Wanneer u op DAB gebaseerde systemen gebruikt, duidt de aanwezigheid van een bruin (3,3'
diaminobenzidine tetrachloride, DAB) reactieproduct met de target cellen op een positieve
reactiviteit. Als u de BOND Polymer Red Detection Systems gebruikt, wijst de aanwezigheid van een
rood reactieproduct met de target cellen op positieve reactiviteit. Als de positieve weefselcontroles
geen positieve kleuring uitwijzen, moeten resultaten met de testspecimens als ongeldig worden
beschouwd.
14.4.2
Negatieve weefselcontrole
Onderzoek de negatieve weefselcontrole na de positieve weefselcontrole om de specificiteit van de
labeling van de target antigeen/nucleïnezuur door het primaire antilichaam/de probe te verifiëren.
De afwezigheid van specifieke kleuring in de negatieve weefselcontrole bevestigt het gebrek aan
kruisreactiviteit van antilichaam/probe met cellen/celcomponenten.

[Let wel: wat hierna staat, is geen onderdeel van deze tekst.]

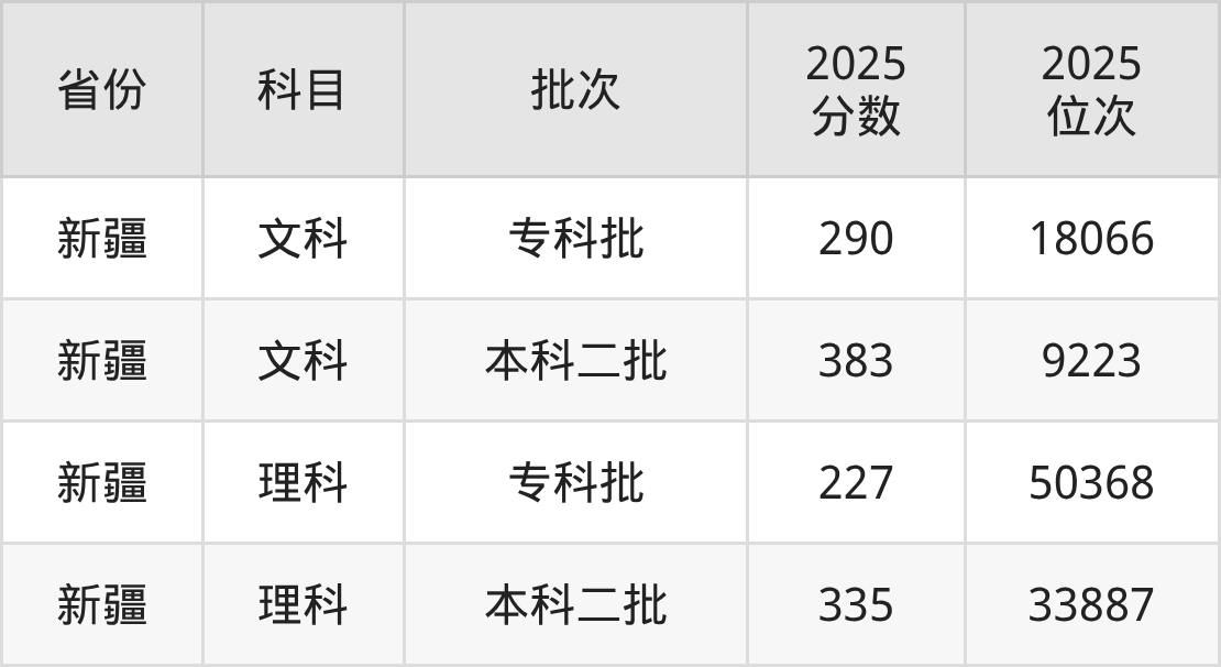 文科最低分对应地区为新疆,录取位次为18066;最高分对应地区为新疆,录取位次为9223,超二本线53分。
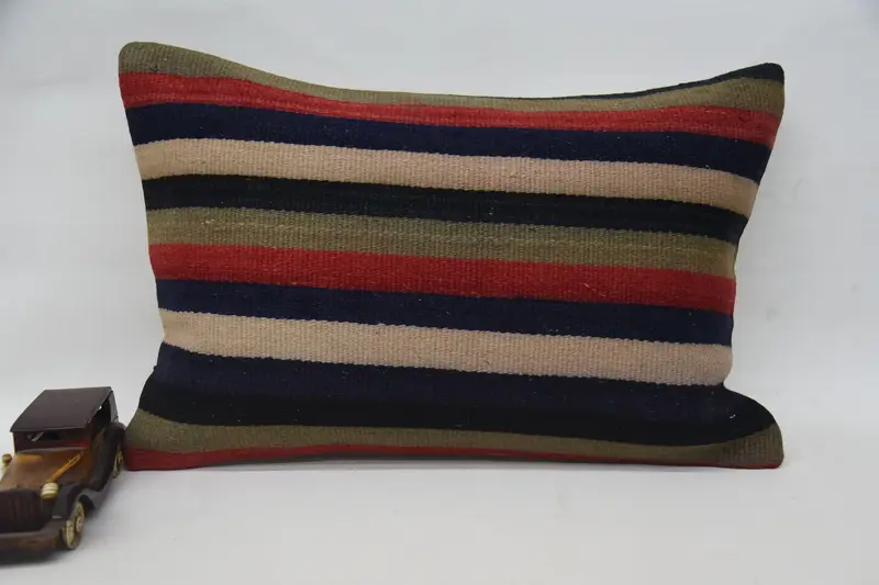 Handgefertigtes gestreiftes Kissen, Rot & Bronze 16x24 Vintage Kissen
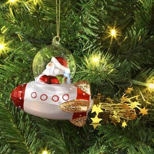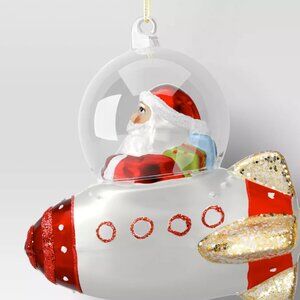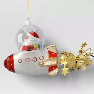 Santa flying a Spaceship Christmas Ornament * Glass * NEW Wondershop NWT
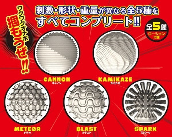 細かいヒダヒダが竿を刺激【カミカゼ】いくつもの細かな凹凸をトルネード上に配置【メテオ】無数のイボ突起が、流星の如く襲い掛かる【ブラスト】ウェーブ状に配置された突起が、カリ首を咥え込む。
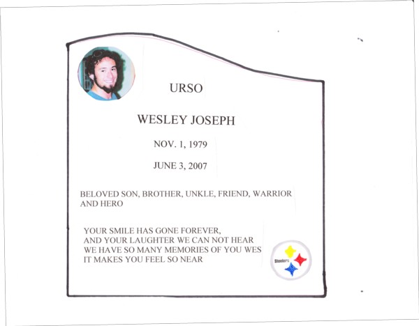Since CNA global insurance believes the death of Wesley Urso is noncompensable, his family and friends have been burdened with his funeral and burial expenses. The Defense Base Act claim has been held up for over a year now and the the defense attorneys were granted an extension to the May 20th date and the new trial date is set for November 20. Luckily during Wesley's 27 years of life he was surrounded by great friends that made this goal possible. Thank you to everyone that helped us make this monument a reality.
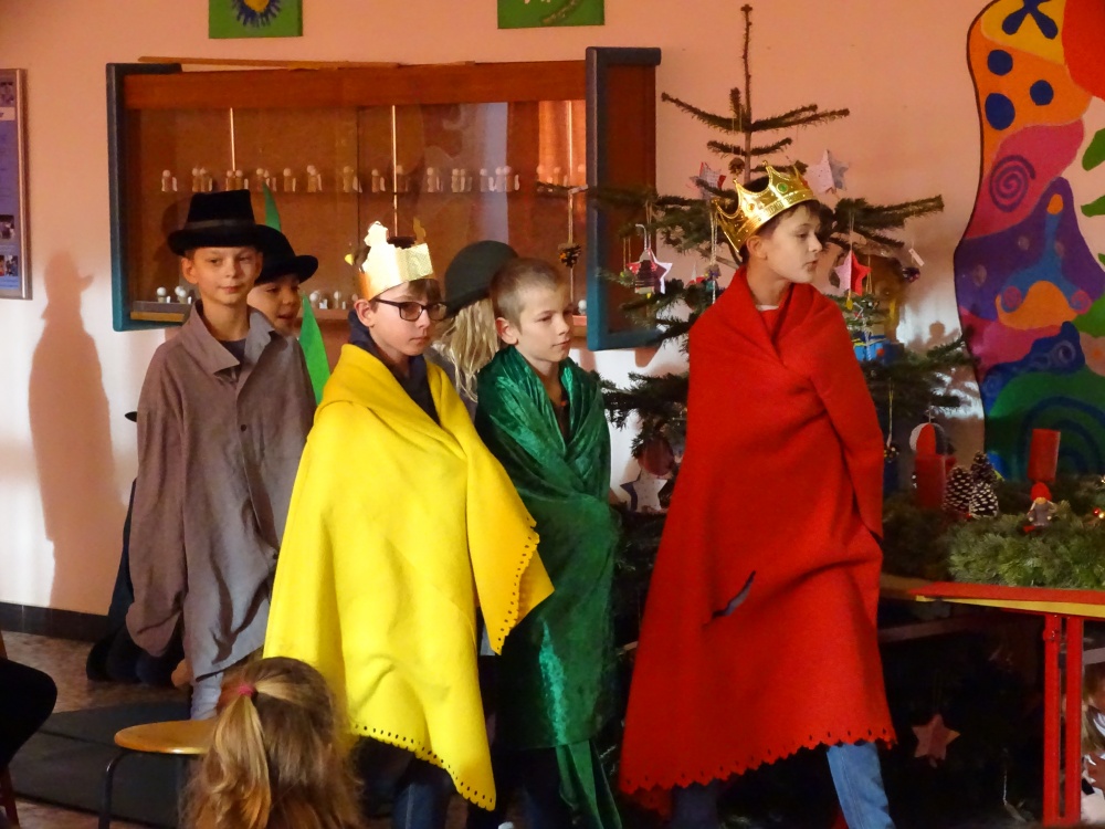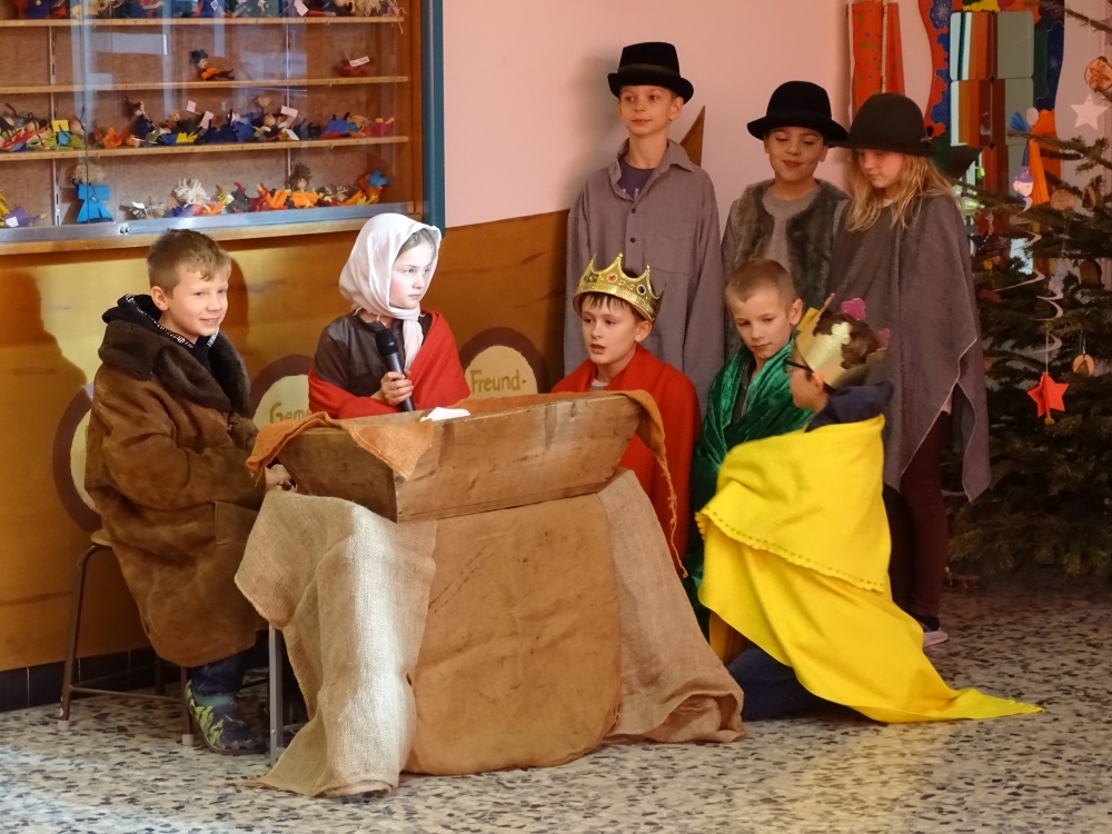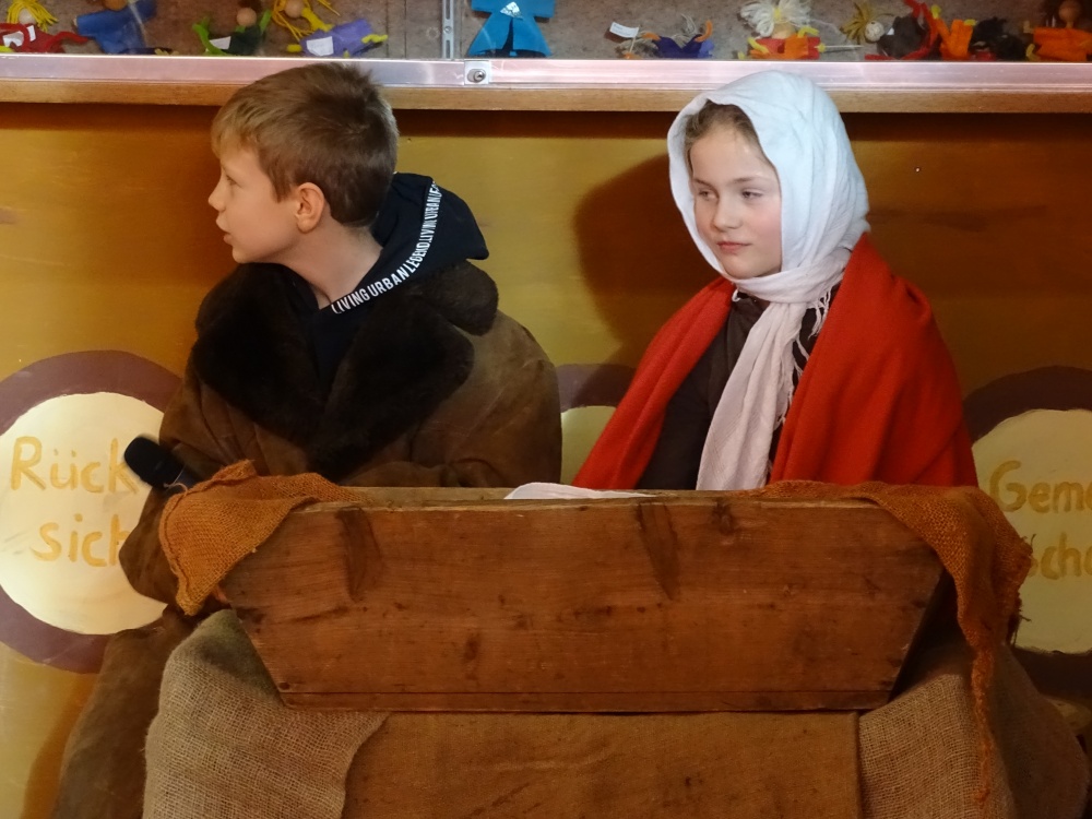 Mit ihrem Krippenspiel konnten die Kinder aus unserer 4. Klasse am Ende unseres Treffen noch einmal die volle Aufmerksamkeit aller Zuschauerinnen und Zuschauer auf sich ziehen. Unsere Großen spielten die Weihnachtsgeschichte - die Geschichte von Maria und Josef, die nach Bethlehem kamen, wo niemand diesen Fremden Einlass gewähren wollte. So landeten sie schließlich in einem Stall und legten ihr Neugeborenes in eine Krippe. Die Hirten der auf den umliegenden Feldern grasenden Schafe kamen staunend herbei und auch die drei Weisen aus dem Morgenland fanden den Weg hierher und beschenkten das Kind.

Als specifieke kleuring (valse positieve kleuring) zich voordoet in de negatieve externe
weefselcontrole, moeten resultaten als ongeldig beschouwd worden. Niet-specifieke kleuring, indien
aanwezig, heeft meestal een diffuse verschijning. Sporadische kleuring van connectief weefsel kan
ook worden gezien in coupes van excessief formaline-gefixeerde weefsels. Gebruik intacte cellen
voor de interpretatie van kleuringsresultaten. Necrotische of gedegenereerde cellen kleuren vaak
niet-specifiek.
14.4.3
Patiëntweefsel
Onderzoek patiëntmateriaal met het primaire antilichaam het laatst.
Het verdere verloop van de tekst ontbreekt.